Details
-
Bug
-
Resolution: Unresolved
-
Blocker
-
None
-
Lustre 2.10.8
-
None
-
RDMA over Ethernet:
- Mellanox ConnectX-5 adapters , ES7990
- o2iblnd(bond0.881)
- bond0.881: mlx5_0 + mlx5_1 (interfaces from separate HCAs)
- bond0 type is active-passive
-
3
-
9223372036854775807
Description
We have encountered a problem when running RoCEv2 over bonded interfaces.
When bond0 interface is created on top of two slave interfaces beloging to separate HCAs and primary interface fails
after RDMA QPs are created LNET connection is not properly re-established using the backup link.
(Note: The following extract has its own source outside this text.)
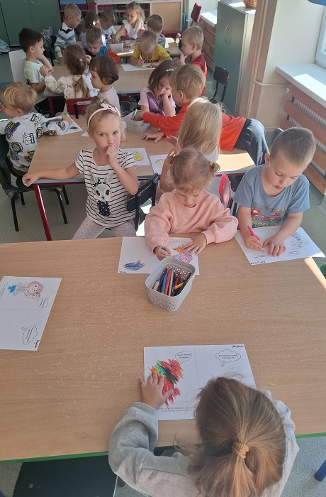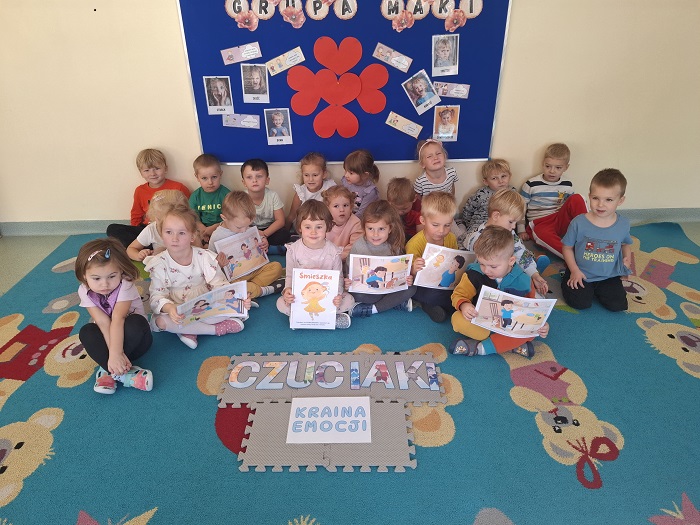 Grupa „Maki” podczas zajęć z projektu edukacyjnego „Czuciaki” – w krainie emocji, poznała pierwszą emocję – radość.

In such case only solution is to reenable/fix primary interface or restart lnet by reloading kernel modules.
Problem has been seen on ES7990 as well as in vanilla lustre 2.10.*
Normaly when bonding is created on top of two ports belonging to the same HCA - mlx driver is handling link failure by moving QPs. In case described above link failure must be handled in ko2iblnd driver.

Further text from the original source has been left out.